(Information supplied begins)
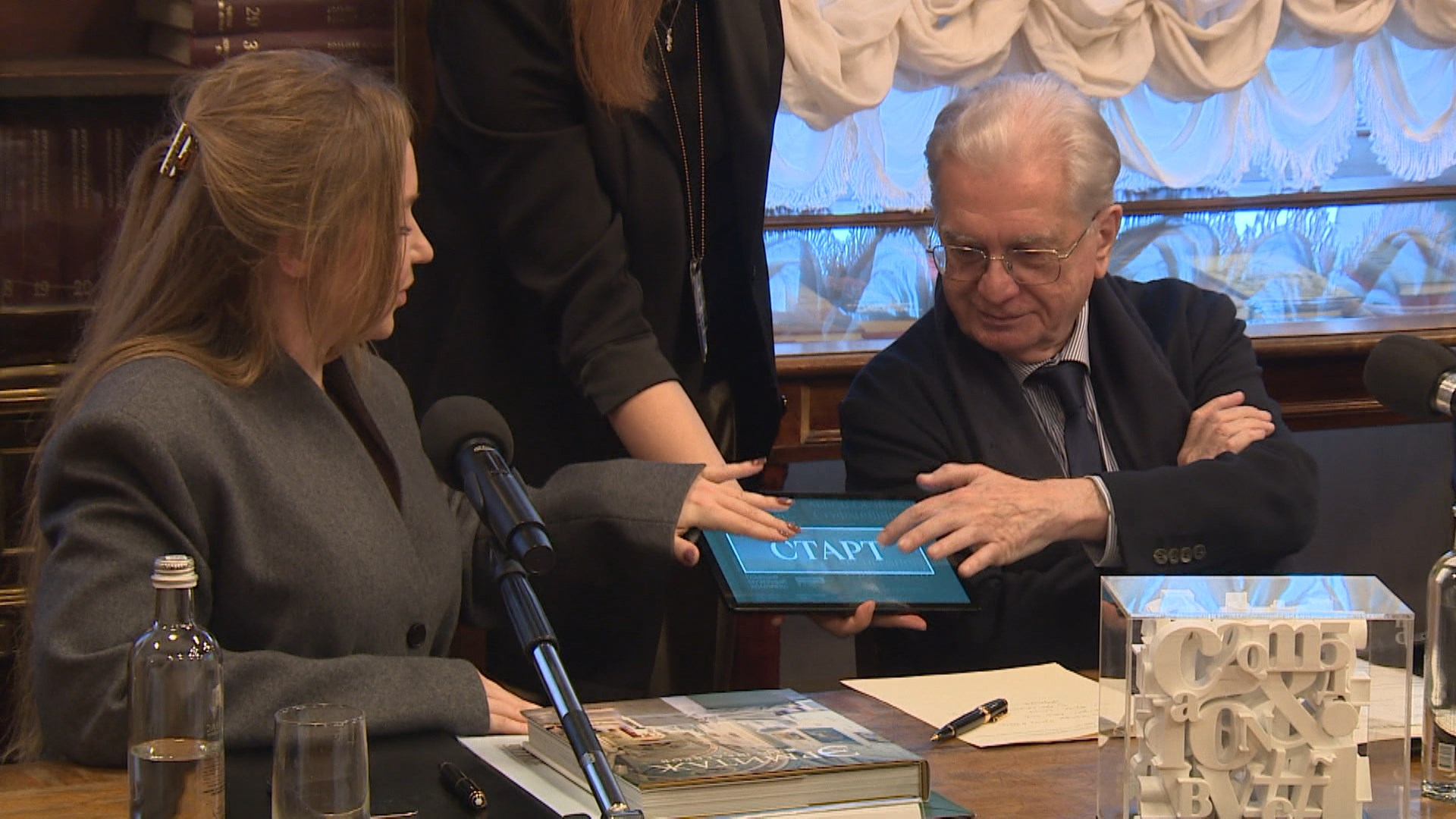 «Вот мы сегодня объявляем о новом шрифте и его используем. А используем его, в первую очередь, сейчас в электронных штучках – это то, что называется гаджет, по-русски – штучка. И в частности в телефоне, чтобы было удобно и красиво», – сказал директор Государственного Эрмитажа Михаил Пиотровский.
(Information supplied ends)
(Information supplied begins)
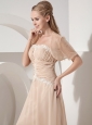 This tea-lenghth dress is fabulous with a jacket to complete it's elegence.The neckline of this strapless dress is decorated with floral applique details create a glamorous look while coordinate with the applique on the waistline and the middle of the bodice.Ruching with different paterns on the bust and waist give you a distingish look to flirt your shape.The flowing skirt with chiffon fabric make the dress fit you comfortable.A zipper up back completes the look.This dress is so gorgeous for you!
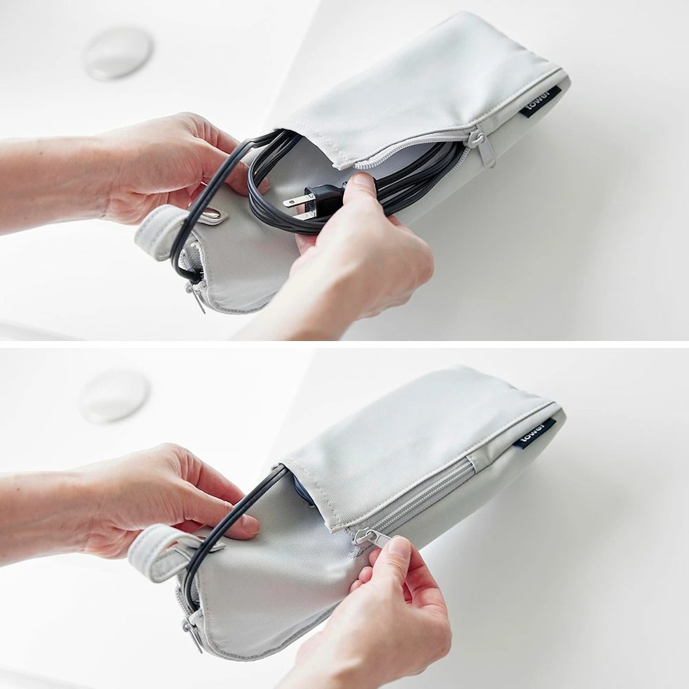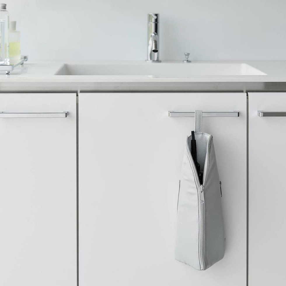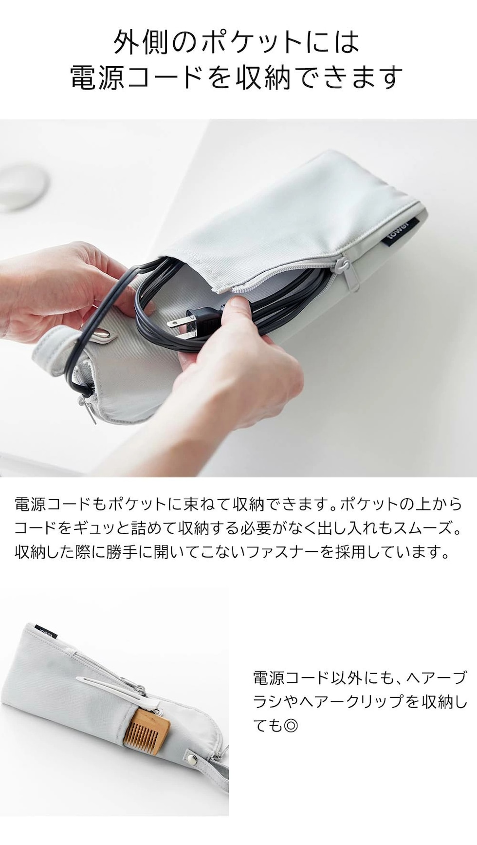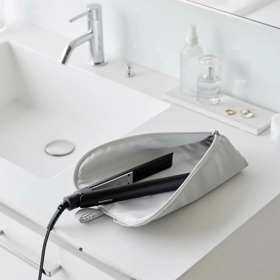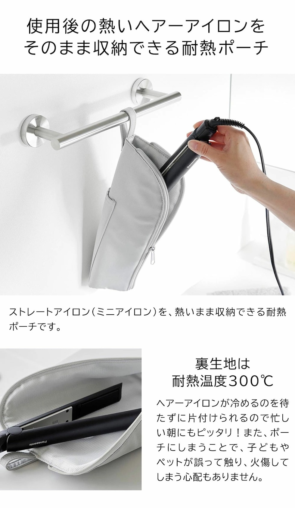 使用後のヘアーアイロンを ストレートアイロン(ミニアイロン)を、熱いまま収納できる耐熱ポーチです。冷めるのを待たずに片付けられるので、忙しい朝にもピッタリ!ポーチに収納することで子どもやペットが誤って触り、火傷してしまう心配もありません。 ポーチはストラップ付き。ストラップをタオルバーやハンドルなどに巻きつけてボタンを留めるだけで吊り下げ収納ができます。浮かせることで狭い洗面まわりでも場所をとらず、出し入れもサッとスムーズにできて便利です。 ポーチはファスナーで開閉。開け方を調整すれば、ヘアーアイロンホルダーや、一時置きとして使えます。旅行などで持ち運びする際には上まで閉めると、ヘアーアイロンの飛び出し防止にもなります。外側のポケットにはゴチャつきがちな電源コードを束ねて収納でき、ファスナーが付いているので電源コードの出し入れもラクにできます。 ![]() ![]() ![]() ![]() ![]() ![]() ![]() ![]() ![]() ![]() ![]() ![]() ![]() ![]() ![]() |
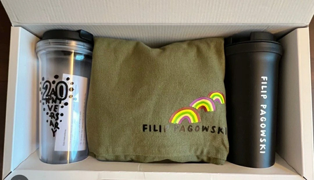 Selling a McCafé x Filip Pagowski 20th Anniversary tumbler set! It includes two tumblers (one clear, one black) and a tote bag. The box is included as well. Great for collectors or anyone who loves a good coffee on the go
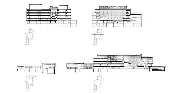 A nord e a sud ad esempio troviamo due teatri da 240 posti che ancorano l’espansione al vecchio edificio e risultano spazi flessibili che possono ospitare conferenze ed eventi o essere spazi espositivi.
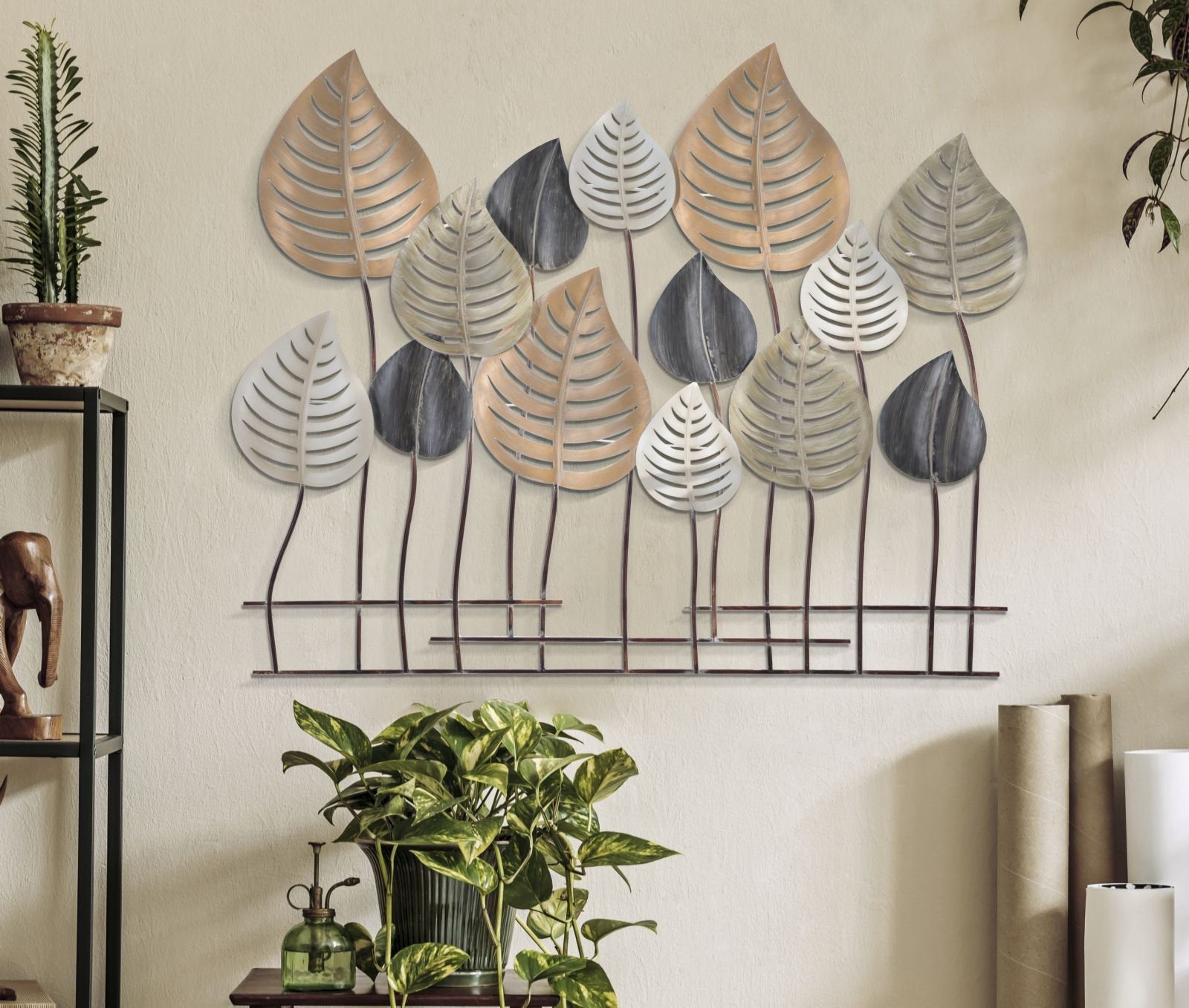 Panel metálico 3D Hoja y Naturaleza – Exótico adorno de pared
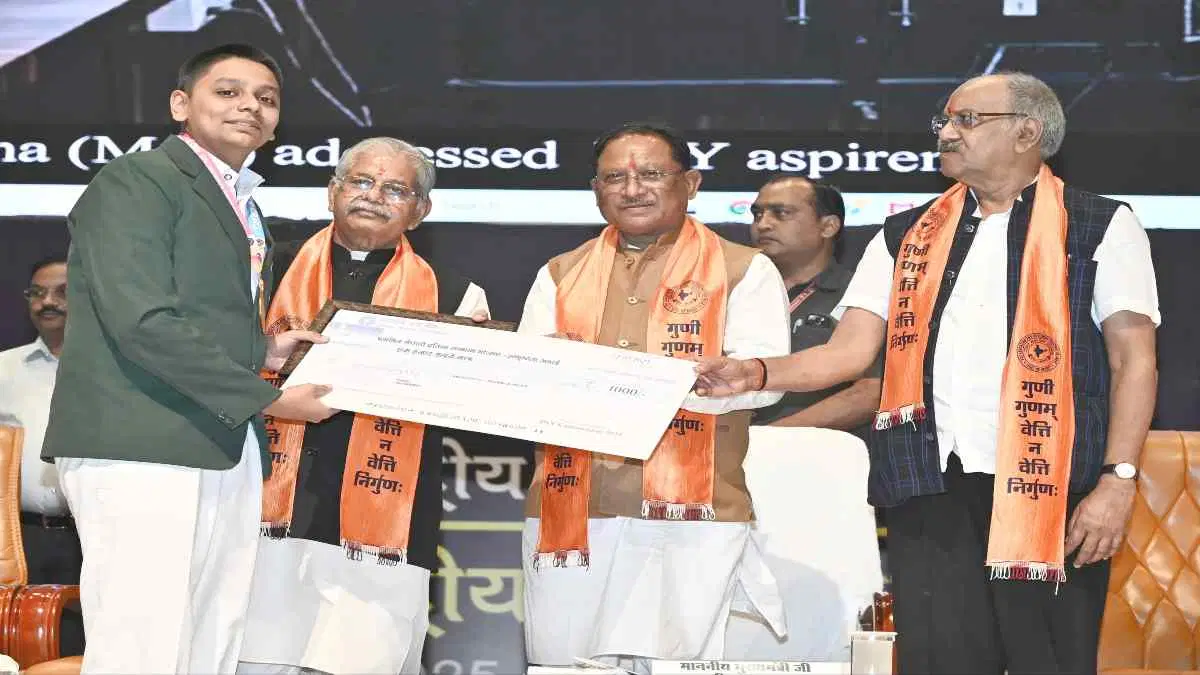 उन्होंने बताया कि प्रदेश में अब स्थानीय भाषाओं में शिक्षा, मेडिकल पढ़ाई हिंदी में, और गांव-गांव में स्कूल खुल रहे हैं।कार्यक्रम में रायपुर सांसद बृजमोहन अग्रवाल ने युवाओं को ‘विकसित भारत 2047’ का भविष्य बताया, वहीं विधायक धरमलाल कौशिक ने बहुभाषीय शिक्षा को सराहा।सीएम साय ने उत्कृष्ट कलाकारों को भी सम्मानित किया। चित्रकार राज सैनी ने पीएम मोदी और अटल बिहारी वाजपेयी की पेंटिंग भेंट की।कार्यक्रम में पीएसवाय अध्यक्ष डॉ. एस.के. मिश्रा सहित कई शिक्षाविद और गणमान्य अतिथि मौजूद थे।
(Information supplied ends)
Pictures do not belong in the answer. Return the lines above starting at the one with "Selling a McCafé" and ending at the one with "उन्होंने बताया कि", both kept, exactly.

Response area:
 Selling a McCafé x Filip Pagowski 20th Anniversary tumbler set! It includes two tumblers (one clear, one black) and a tote bag. The box is included as well. Great for collectors or anyone who loves a good coffee on the go
 A nord e a sud ad esempio troviamo due teatri da 240 posti che ancorano l’espansione al vecchio edificio e risultano spazi flessibili che possono ospitare conferenze ed eventi o essere spazi espositivi.
 Panel metálico 3D Hoja y Naturaleza – Exótico adorno de pared
 उन्होंने बताया कि प्रदेश में अब स्थानीय भाषाओं में शिक्षा, मेडिकल पढ़ाई हिंदी में, और गांव-गांव में स्कूल खुल रहे हैं।कार्यक्रम में रायपुर सांसद बृजमोहन अग्रवाल ने युवाओं को ‘विकसित भारत 2047’ का भविष्य बताया, वहीं विधायक धरमलाल कौशिक ने बहुभाषीय शिक्षा को सराहा।सीएम साय ने उत्कृष्ट कलाकारों को भी सम्मानित किया। चित्रकार राज सैनी ने पीएम मोदी और अटल बिहारी वाजपेयी की पेंटिंग भेंट की।कार्यक्रम में पीएसवाय अध्यक्ष डॉ. एस.के. मिश्रा सहित कई शिक्षाविद और गणमान्य अतिथि मौजूद थे।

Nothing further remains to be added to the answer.